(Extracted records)
== Segment start ==

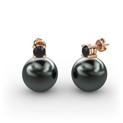 Siyah inci ve siyah zirkon 925 ayar rose altın kaplama gümüş küpe
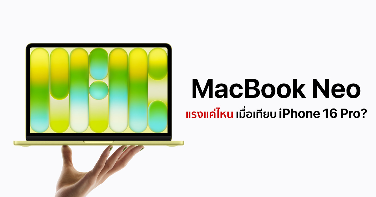 หลังจากที่ Apple เปิดตัว MacBook Neo ซึ่งเป็น MacBook ที่ราคาถูกที่สุด ไปเมื่อวันก่อน ล่าสุด มีผลทดสอบ Benchmark ของ MacBook Neo ออกมาแล้ว โดยผลลัพธ์ก็ออกมาตามที่หลายฝ่ายคาดการณ์ไว้ คือประสิทธิภาพของ CPU แทบไม่ต่างจาก iPhone 16 Pro มากนัก
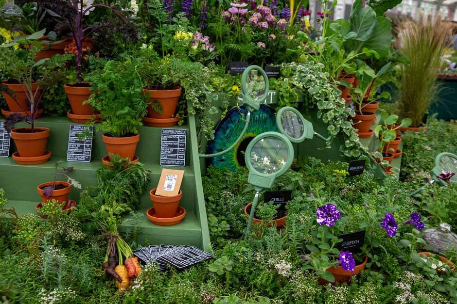 Lee Norbury of Plants Let’s Grow has created a fun, interactive display for his first show exhibit, which takes a sensory theme. Each of the five senses is illustrated with ceramic glow-in-the-dark artwork and a plant theatre showing the stages of growth, from seed and seedling to fully grown plant. Every plant has a Top Trumps style card with statistics on germination and harvesting as well as an ‘awesomeness’ rating. There are also magnifying glasses to see the plants up close, homemade candles scented with the various plant on the display so visitors can test the olfactory skills and an iPad playing a video of the history of the nursery.
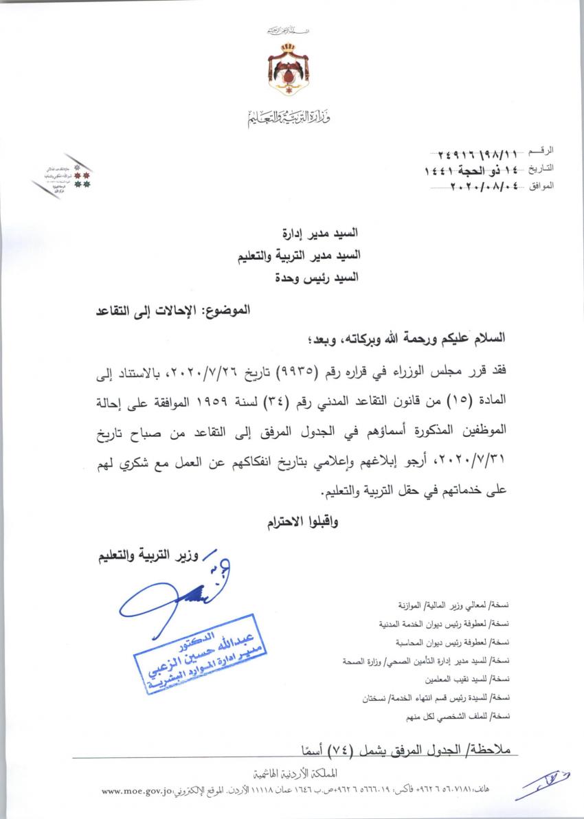 كما قرر مجلس الوزراء احالة موظفين في الوزارة إلى التقاعد اعتبارا من 31 تموز الماضي.
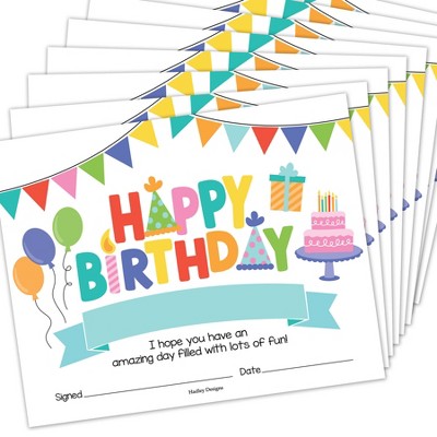 Hadley Designs Colorful Happy Birthday Certificates For Students, Set of 25

== Segment end ==

Please retype exactly the lines from the line containing "كما قرر مجلس" through the final line of the records above, inclusive, leaving out any pictures.

### Answer for this exercise
 كما قرر مجلس الوزراء احالة موظفين في الوزارة إلى التقاعد اعتبارا من 31 تموز الماضي.
 Hadley Designs Colorful Happy Birthday Certificates For Students, Set of 25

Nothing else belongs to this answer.